Hi guys,
I was wondering which way was the fastest for counting the bits set in a 64-bit longlongint
I have been developing a chess engine lately and for performance reasons I need an extremely fast popcount method. I know it has been discussed endlessly here and on StackExchange, but I was unable to find a conclusive answer. Right now I am using: __builtin_popcountll(long)
I am on Windows and using MinGW with Dev-C++.
#include <bitset>
#include <type_traits>
#include <limits>
#include <iostream>
#include <ctime>
#include <iomanip>
template < typename T > std::size_t popcnt( const T& v )
{
static_assert( std::is_integral<T>::value && std::is_unsigned<T>::value, "an unsigned integral type expected" ) ;
return std::bitset< std::numeric_limits<T>::digits >(v).count() ;
}
int main()
{
constint NVALUES = 1'000'000'000 ;
unsigned int r = 0 ;
const auto start = std::clock() ;
for( unsigned long long n = 0 ; n < NVALUES ; ++n ) r += popcnt(n) ;
const auto end = std::clock() ;
const unsigned long long popcnts_per_sec = NVALUES / double(end-start) * CLOCKS_PER_SEC ;
std::cout << "about " << std::fixed << std::setprecision(0) << popcnts_per_sec << " popcnts per second, "

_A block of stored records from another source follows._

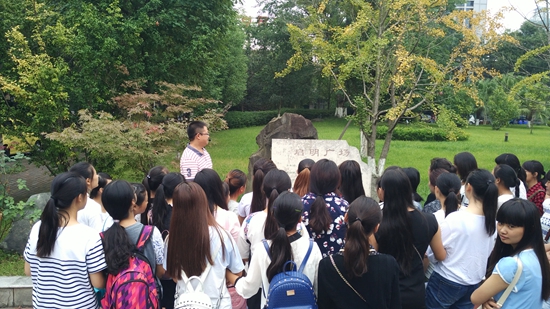 为了让新生更好的熟悉校园环境,了解学校的历史,体会工院文化,9月20日早上8点半,我系组织2015级新生参观校园。担任艺术系2015级班级导师的我系党总支书记王静老师、学院团委副书记邱黎明老师、系副主任丁艺老师、2015级各班的辅导员(班主任)老师以及部分团总支学生分会学生干部参加了本次活动。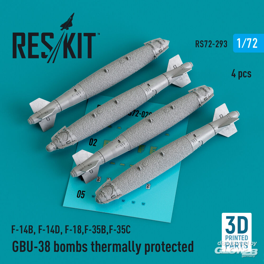 RESKIT Models: GBU-38 bombs thermally protected (4 pcs) (F-14B, F-14D, F-18,F-35B,F-35C) (3D Printed) in 1:72 [4595102934]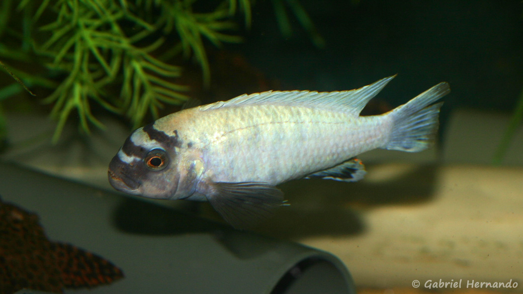 Le patron mélanique des mâles est blancs légèrement bleuté, avec des barres bleus très légèrement marquées. Sa tête est bleu foncé à noire avec deux barres inter-orbitaires bleu. Las nageoire dorsale et caudale sont de la même couleur que le patron mélanique, avec de la la membrane inter-rayons devenant transparente à partir du pédoncule caudal. La nageoire anale est de la même couleur, avec une bande submarginale de couleur noire et 2 à 4 ocelles. Les nageoires pelviennes sont noires avec une bordure extérieure blanche. Les femelles ont un patron mélanique gris-brun terne et peuvent être dificile à distinguer des femelles d’autres espèces de mbun similaires, comme Pseudotropheus perspicax. Lorsque les mâles sont soumis à un stress, ils ont la capacité de changer de couleur presque instantanément du bleu-blanc au gris-brun terne des femelles.

<< std::setprecision(3) << 1'000'000'000.0 / popcnts_per_sec << " nanoseconds per popcnt\n\n" ;
return r ;
}
[ 0.000000] Detected 2992.516 MHz processor.
LLVM
------
with hardware support for popcnt
about 684931506 popcnts per second, 1.460 nanoseconds per popcnt
without hardware support for popcnt
about 306748466 popcnts per second, 3.260 nanoseconds per popcnt
GNU
------
with hardware support for popcnt
about 657894736 popcnts per second, 1.520 nanoseconds per popcnt
without hardware support for popcnt
about 207900207 popcnts per second, 4.810 nanoseconds per popcnt
I see. I'm on Windows and right now I have no intention to port the engine to other operating systems. If I was, I would have to use your suggestion.
Thank you!